Non credo che al mondo vi sia un sito più poetico della fila di statue che danno le spalle al mare presso la spiaggia di Anakena, eppure ho l’impressione che vi sia un eccesso di artificiosità in questo spettacolo. I Moai così restaurati e in perfetto ordine sembrano un po’ dei postini travestiti da poeti.

Non incontriamo mai più l’italiano, misteriosamente scomparso dopo il processo.

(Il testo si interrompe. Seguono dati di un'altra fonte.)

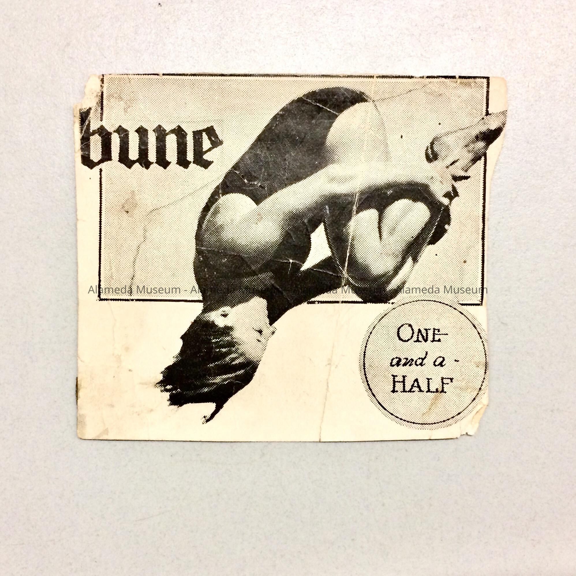 9/12/2021 MvL: clipping has the text ‘bune’, presumably the (Oakland?) Tribune, and in a circle the text: ‘One and a half’; presumably because bunny did a one and/a-half turn somersault dive.

Giriamo in moto su strade deserte e profumate di eucalipto, la pianta che infesta l’isola. I tramonti dietro le statue ci proiettano su un altro pianeta, perché sembra impossibile che sulla Terra le nuvole possano assumere una simile tonalità di rosso. Il realismo se n’è andato ed è rimasta solo la magia.


Oceania

Passeggiando per Pape’ete ho capito cosa intendeva Goethe, quando scrisse che “nessuno cammina impunemente sotto le palme, perché il proprio sguardo interiore si trasforma in un paese dove gli elefanti e le tigri sono di casa”.
A Tahiti imparo a scrutare l’orizzonte per ore, perdendo (investendo? Guadagnando?) quantità enormi di tempo, come fanno i polinesiani. Camminando sotto le palme apprendo a mangiare il pesce crudo, a riconoscere al primo sguardo i profili delle isole, a non contare su alcun tipo di trasporto pubblico e a non comprare generi alimentari d’importazione; mi sono allenata a camminare per chilometri e a svegliarmi all’alba. Non capisco perché molti viaggiatori si accontentino di una permanenza brevissima a Tahiti: è un’isola magnifica, profumata, ricca di sensualità e mistero.
Il mio compagno e io affondiamo i piedi nella sabbia nera di Pointe Venus, ammiriamo le cascate nella foresta incantata di Faarumai, assistiamo a funzioni religiose nel corso delle quali i tahitiani si vestono di bianco e intonano inni religiosi nella loro lingua; ci sembra di non averne mai abbastanza. Ci spingiamo fino alle selvagge Marchesi, ma è la dolcezza di Tahiti, te nave nave fenua, la terra deliziosa, ad aver plasmato la pittura del mio mito, Paul Gauguin.
Le isole mi insegnano soprattutto a non cercare instancabilmente di riempire i vuoti: se il pomeriggio è troppo lungo dopotutto è meglio così, ci sarà più tempo per contemplare lo scintillio del sole sulla laguna, o per grattarsi pigramente le punture di zanzara, o per chiacchierare con i propri tupapau, gli spiriti dei morti che ci stanno intorno. Se ci si sente soli non è grave, dal momento che si può rimediare facendosi un adorabile bambino. Arrabbiarsi per quello che non funziona (trasporto pubblico, sistema di smaltimento dei rifiuti e conseguenti roghi di materie plastiche, mancanza di prospettive e tristesse des iles che colpisce i giovani degli atolli periferici) è fiu, spossante e improduttivo.
Nel corso di questo lunghissimo viaggio non abbiamo visto elefanti e tigri, anche se nel piccolo tratto della laguna di Fakarava che per qualche giorno è stata casa nostra gli squali facevano merenda tutti i pomeriggi.
Giunti alle Tuamotu non mi aspetto più nessuna rivelazione; capisco solo che pedalare controvento in bicicletta è difficilissimo. Nuotiamo nelle lagune più variopinte del mondo e contempliamo le impronte da testuggine che le ginocchia e i piedini grassi di una bimba lasciano sulla spiaggia.

 

Ho capito che il viaggio è finito, perché non è rimasto nessun vuoto da riempire.